"Odd! my verra heart lap to my mouth whan I gat the glisk o' something
mair like a red stirk than ought else muve off the redd. I fand my hair
creep on my heid. I minded it was the Sabbath, and I sudna hae been
there. It micht be a delusion o' the Enemy, if it wasna the de'il
himsel'."
All that peaceful Sabbath day Tam's meditations were disturbed by
visions of great salmon. And as at family worship that night his master
read aloud from "the Word," Tam quaked to realise that no syllable had
penetrated his dulled ears, but that, with the concluding solemn "Amen,"

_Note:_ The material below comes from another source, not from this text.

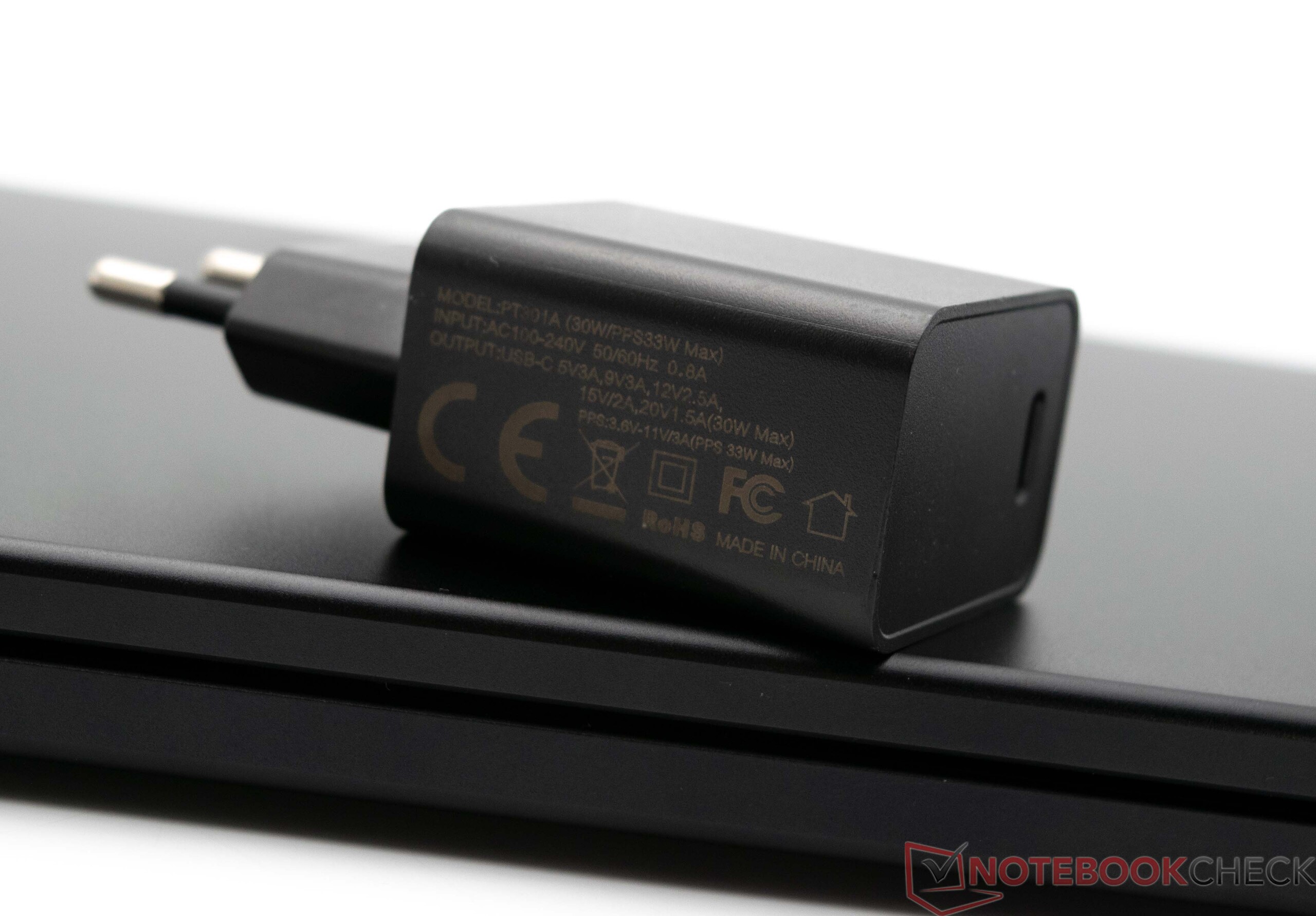 El brillo máximo de la pantalla solo se puede alcanzar si se conecta al adaptador de corriente incluido. Durante el funcionamiento con un solo cable por USB-C, observamos un brillo máximo de pantalla de sólo 160 cd/m².

had come to his mind the resolution to clip the wings of the Sabbath,
and at all costs to capture that fish before anyone could forestall him.

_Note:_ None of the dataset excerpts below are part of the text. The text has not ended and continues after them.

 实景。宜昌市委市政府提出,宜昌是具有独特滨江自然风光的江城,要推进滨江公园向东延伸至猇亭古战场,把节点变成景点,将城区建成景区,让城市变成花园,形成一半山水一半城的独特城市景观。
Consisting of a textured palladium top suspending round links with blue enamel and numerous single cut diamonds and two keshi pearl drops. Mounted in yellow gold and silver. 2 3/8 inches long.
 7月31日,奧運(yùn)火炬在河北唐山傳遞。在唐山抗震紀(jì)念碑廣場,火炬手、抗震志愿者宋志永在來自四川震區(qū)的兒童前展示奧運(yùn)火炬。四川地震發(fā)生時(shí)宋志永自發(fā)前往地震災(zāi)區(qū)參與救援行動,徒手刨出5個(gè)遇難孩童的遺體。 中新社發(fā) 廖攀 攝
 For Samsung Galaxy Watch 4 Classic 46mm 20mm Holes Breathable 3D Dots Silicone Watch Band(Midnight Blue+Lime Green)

According, as soon as his too ardent mind judged that the hands of the
clock must be drawing near to midnight, Tam arose, and, rousing a farm
boy to bear the light for him as he struck, with "clodding waster" in
hand set off for the river. Now this clodding waster (or leister) was a
possession of which Tam was inordinately proud; amongst his friends its
temper and penetrating power were proverbial. It had been made for him
by the Runcimans of Yarrowford, smiths celebrated far and wide for the
marvellous qualities they imparted to all weapons made by them.